Firstly, we introduce one shallow parts-based deep CNN model, which can get promising performance on relatively small datasets. In Fig. 2, we can see that our network architecture contains four distinct layers: one global convolutional layer, four body-part convolutional layers, five channel-wise full connection layer, and one network-wise full connected layer. The global convolutional layer is the first layer of the proposed network architecture, which consists of 64 feature maps with the convolutional kernel of 7 × 7 × 3 and the stride of 3. Next, this convolutional layer is divided into four equal parts P i ,i = {1,...,4}, then we have four different convolutional layers for each part where the network parameter is 32 × 3 × 3 × 64. The following is the fully connected layer for each part, and also one fully connected layer for all the four parts which is called the full-body features. Then we concatenate the body-part features and the full-body features as one vector. Finally, the last layer is the fully connected layer whose dimension is the same as previous one. We have used the last fully connected layer as the input for the triplet and the identification loss function. Such that our network architecture has used the full-body and body-part features together.

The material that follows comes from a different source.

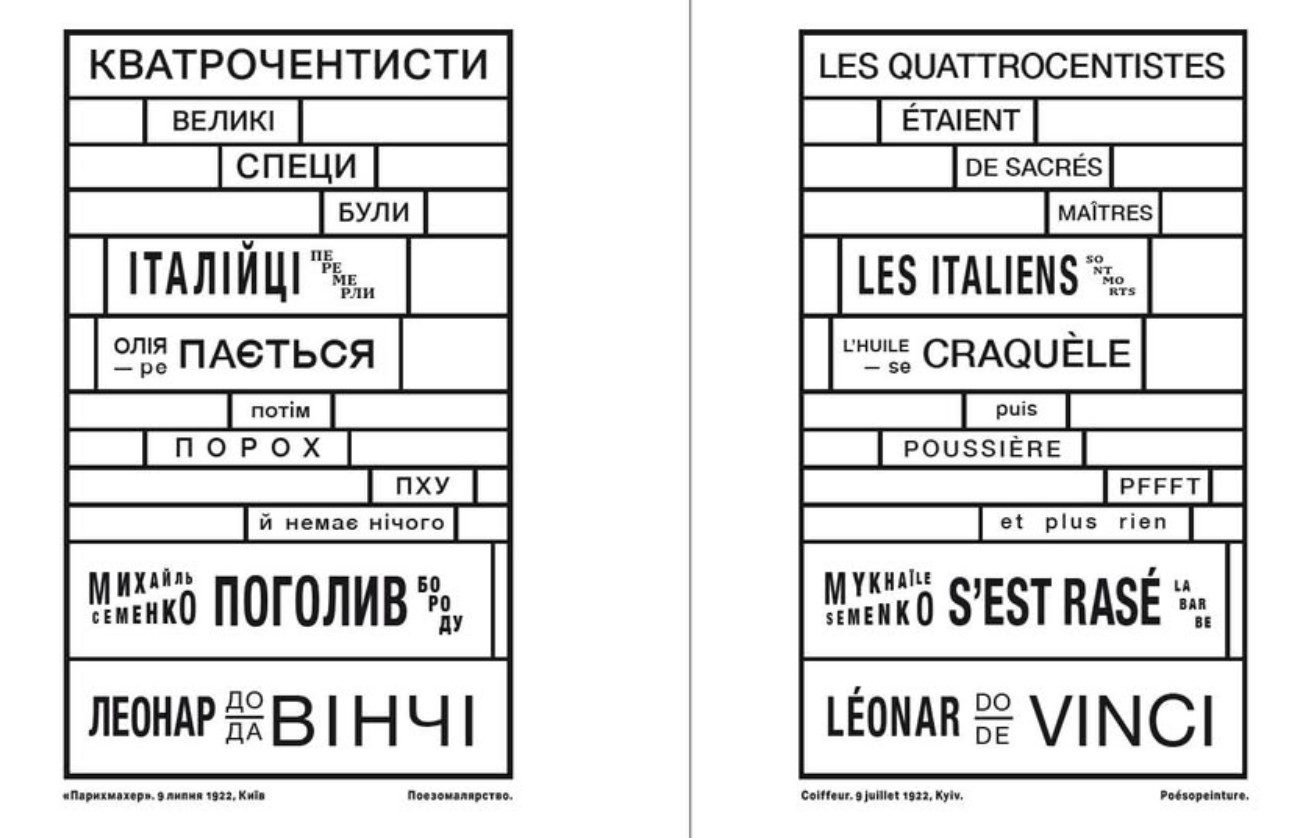 Окрім віршів, у книжці будуть представлені зразки "поезомалярства"(поєднання текстової й графічної форми твору в одне естетичне ціле, наприклад, з використанням живопису, декоративно-прикладного мистецтва, математичних знаків тощо) українського футуриста.

3.3 Introduction of the asymmetric triplet loss function

As the description in Section 3.1, we utilize the joint triplet and softmax loss function to train the network model. First, we will introduce the triplet loss here. Given one triplet t i =< I i ,I i+,I i− > example, the CNN model projects t i into the learned feature space with f w (t i ) =< f w (I i ),f w (I i+),f w (I i−) > . The similarities between the triplet sample images I i ,I i+,I i− are measured by the euclidean distances among f w (I i ),f w (I i+),f w (I i−). The triplet loss function requires that the distances between the different person pairs (f w (I i o),f w (I i−)) or (f w (I i+),f w (I i−)) are larger than that of the same individual pairs (f w (I i ),f w (I i+)) by a large margin, and we use the following equation to enforce these requirements:

$$\begin{array}{@{}rcl@{}} d(f_{\textbf{w}}(I_{i}),f_{\textbf{w}}(I_{i}^{+})) - d(f_{\textbf{w}}(I_{i}),f_{\textbf{w}}(I_{i}^{-})) \leq{\tau}. \end{array} $$
$$\begin{array}{@{}rcl@{}} d(f_{\textbf{w}}(I_{i}),f_{\textbf{w}}(I_{i}^{+})) - d(f_{\textbf{w}}(I_{i}^{+}),f_{\textbf{w}}(I_{i}^{-})) \leq{\tau}. \end{array} $$

In order to merge the above requirements into one constraint, we have simplified it as follows,

$$\begin{array}{@{}rcl@{}} d^{n}(I_{i},I_{i}^{+},I_{i}^{-};\textbf{w}) &=& d(f_{\textbf{w}}(I_{i}),f_{\textbf{w}}(I_{i}^{+}))\\ & & - \frac{1}{2} [d(f_{\textbf{w}}(I_{i}),f_{\textbf{w}}(I_{i}^{-}))+d(f_{\textbf{w}}(I_{i}^{+}), f_{\textbf{w}}(I_{i}^{-}))] \leq{\tau}. \end{array} $$
(2)

In the equation τ is the margin parameter which is negative. From above equation, we can clearly see that the triplet loss function requires the distance between the same individual images closer than both two kinds of the distances between the different individual images by a large margin. We can find that by using these two kinds of distances of different individual image pairs, we can improve the training of the triplet loss function. This is a data augmentation way to further improve the CNN training. Using this triplet loss function, we can effectively reduce the intra-personal variations for the person re-id task.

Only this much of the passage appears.